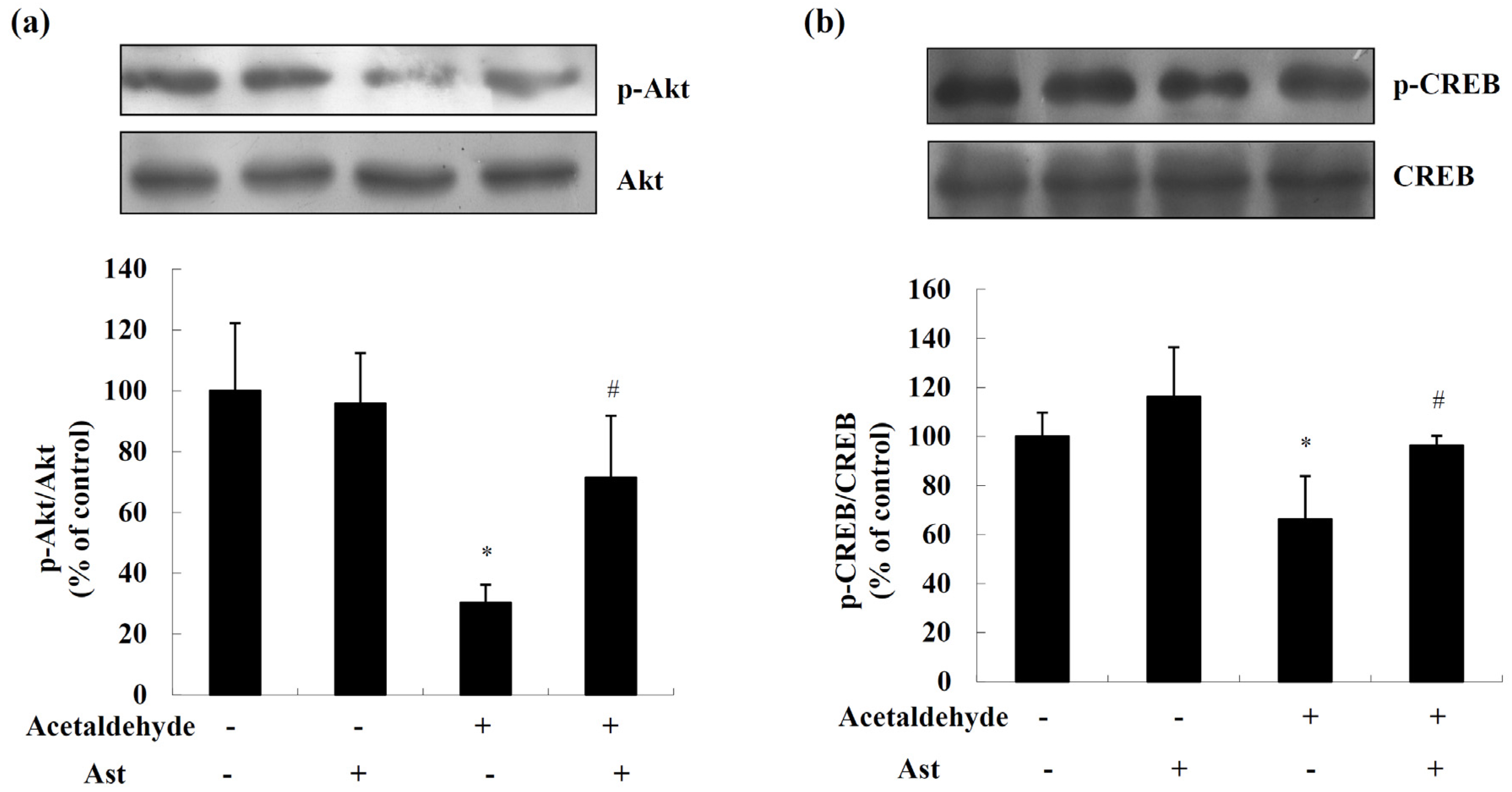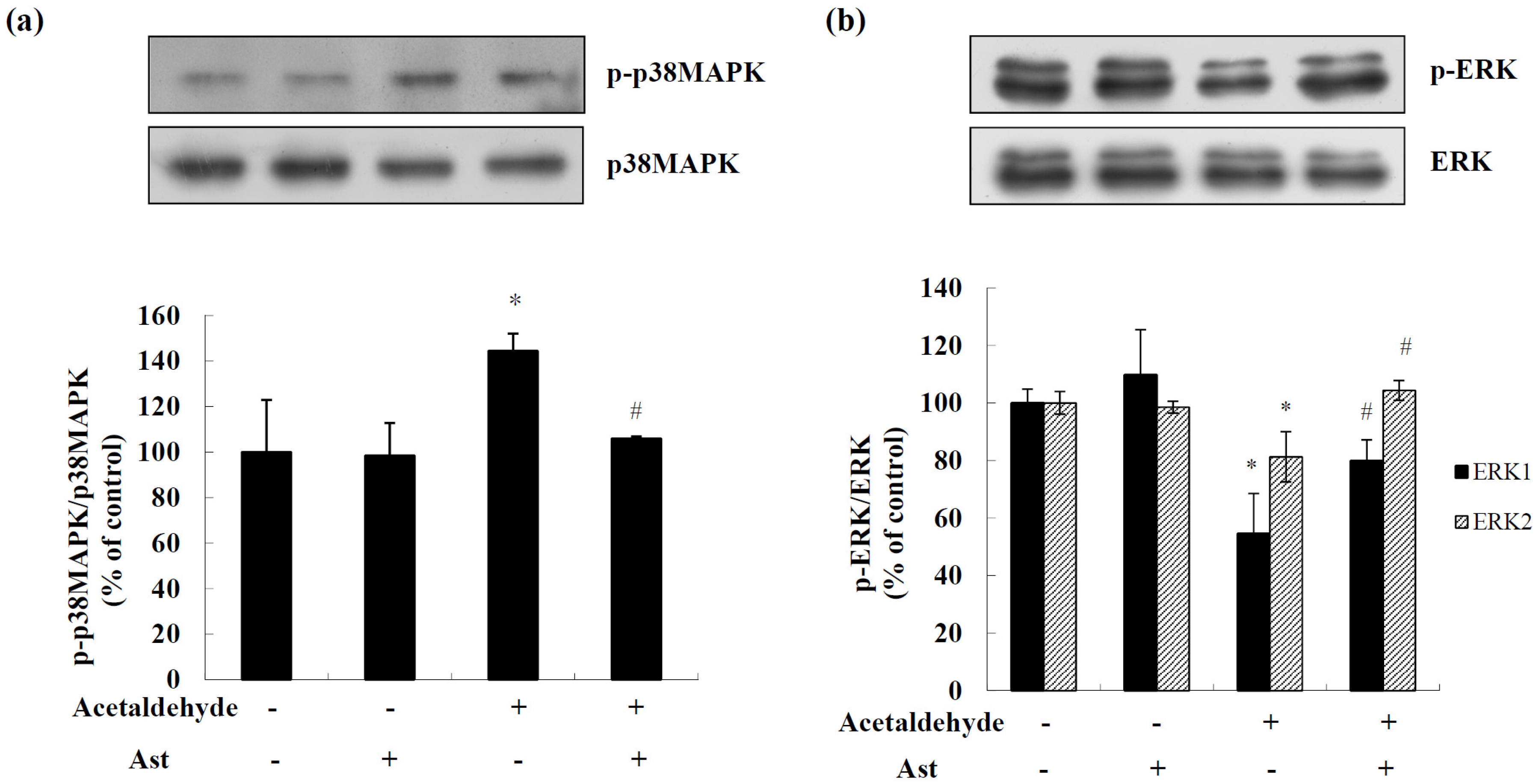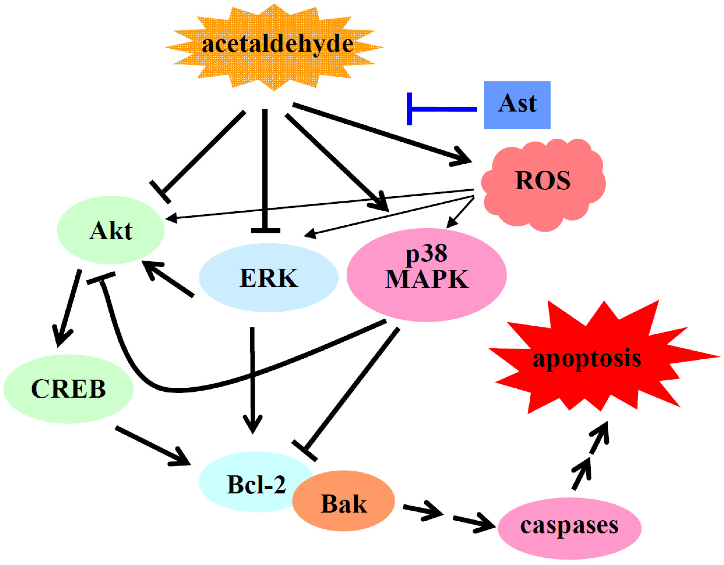 Overall, the results suggest that Ast may inhibit acetaldehyde-induced apoptosis and cytotoxicity by reducing the oxidative stress, preventing the activation of p38 MAPK, and attenuating the inhibition of ERK and Akt/CREB mediated cell signals in acetaldehyde-treated cells (Figure 6).
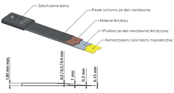 (4) Taśma ochronna samoprzylepna. Jest to metalowy pasek ochronny, który posiada warstwę kleju umożliwiającą przyklejenie go do magnetycznej taśmy pomiarowej.
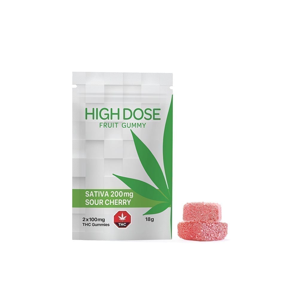 Sour Cherry Fruit Gummies Sativa 20omg THC by High Dose provide a Super potent, deliciously sour and fully infused. Not designed for the canna-curious or those new to cannabis edibles
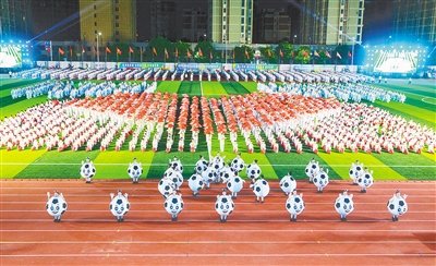開幕式現(xiàn)場,裁判員、運動員代表進行了宣誓。來自市實驗小學(xué)、召陵中學(xué)、許慎小學(xué)等7所學(xué)校的7000余名師生,進行了武術(shù)、韻律操等精彩的團體操表演。
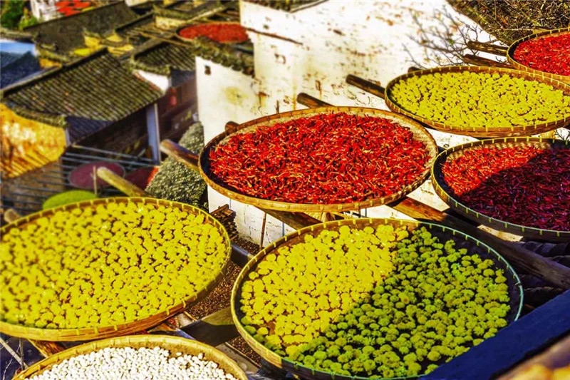 民国时期出版的《首都志》记载:“立秋前一日,食西瓜,谓之啃秋。”晒秋是一种典型的农俗现象,具有极强的地域特色。在湖南、广西、安徽、江西等生活在山区的村民,由于地势复杂,村庄平地极少,只好利用房前屋后及自家窗台屋顶架晒、挂晒农作物,久而久之就演变成一种传统农俗现象。
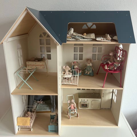 IKEA dukkehus i træ med blå tagkant. Huset er udformet som et klassisk hus med flere rum i to etager. Indvendigt er der forskellige mønstrede bagvægge, som giver variation mellem rummene. Velegnede til Maileg mus og møbler eller andre små figurer eller som udstillingsreol på børneværelset.
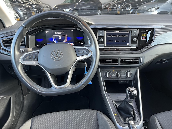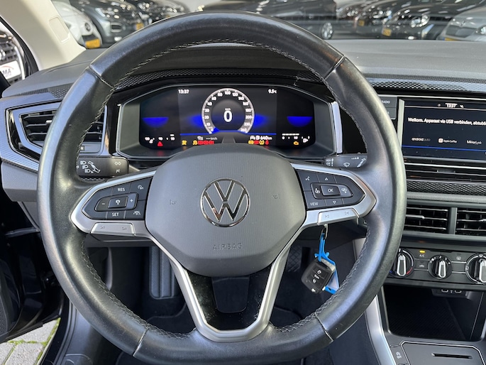 Het digitale dashboard is niet alleen enorm fraai en handig, maar draagt actief bij aan een veilige en slimme rit. Adaptive cruise control is een comfortabele en veilige optie. Het systeem reguleert de snelheid en houdt automatisch afstand tot uw voorligger. Rijden-stilstaan, rijden-stilstaan. Niks is irritanter en vermoeiender dan filerijden. Daar heeft deze Volkswagen Polo een oplossing voor: de file assistent, die met radarmeting permanent het tempo aanpast op de voorligger. Zelfs als die stopt. Dankzij Connected Services houdt u de auto nog gemakkelijker in topconditie. Elke dag. Ogen op de weg, handen aan het stuur. De audiobediening op het stuur zorgt dat u probleemloos schakelt tussen zenders. De uitrusting van deze Volkswagen is met DAB ontvangst, parkeersensoren voor en achter, regensensor, airconditioning, automatisch dimmende binnenspiegel en lederen stuur behoorlijk compleet.
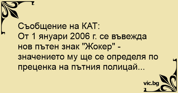 От 1 януари 2006 г. се въвежда нов пътен знак "Жокер" - значението му ще се определя по преценка на пътния полицай...
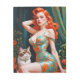 この魅惑的なイラストレーションは、ヴィンテージの魅力を醸し出す、流れる、燃えるような髪の華やかな赤毛のピンアップを特徴としている。オレンジ色の花で飾られた型枠に合鮮やかったティール(緑がかった色)ドレスを身に付け、touchの洗練を加えエレガントたドロップイヤリングで補う。その横には、ペンダント魅力的付きのティール(緑がかった色)カラーを身に着けた穏やかな表情のタビー猫が座っている。背景にはティール(緑がかった色)のカーテンとオレンジと赤の色合いで咲く花が濃厚でレトロな雰囲気を醸し出している。

::::

- _WHAT IS NEEDED_: Write out word for word the lines above that run from the one with "Sour Cherry Fruit" to the one with "民国时期出版的《首都志》记载". Include both end lines; exclude the images.

- _REPLY TO THE TASK_:
 Sour Cherry Fruit Gummies Sativa 20omg THC by High Dose provide a Super potent, deliciously sour and fully infused. Not designed for the canna-curious or those new to cannabis edibles
開幕式現(xiàn)場,裁判員、運動員代表進行了宣誓。來自市實驗小學(xué)、召陵中學(xué)、許慎小學(xué)等7所學(xué)校的7000余名師生,進行了武術(shù)、韻律操等精彩的團體操表演。
 民国时期出版的《首都志》记载:“立秋前一日,食西瓜,谓之啃秋。”晒秋是一种典型的农俗现象,具有极强的地域特色。在湖南、广西、安徽、江西等生活在山区的村民,由于地势复杂,村庄平地极少,只好利用房前屋后及自家窗台屋顶架晒、挂晒农作物,久而久之就演变成一种传统农俗现象。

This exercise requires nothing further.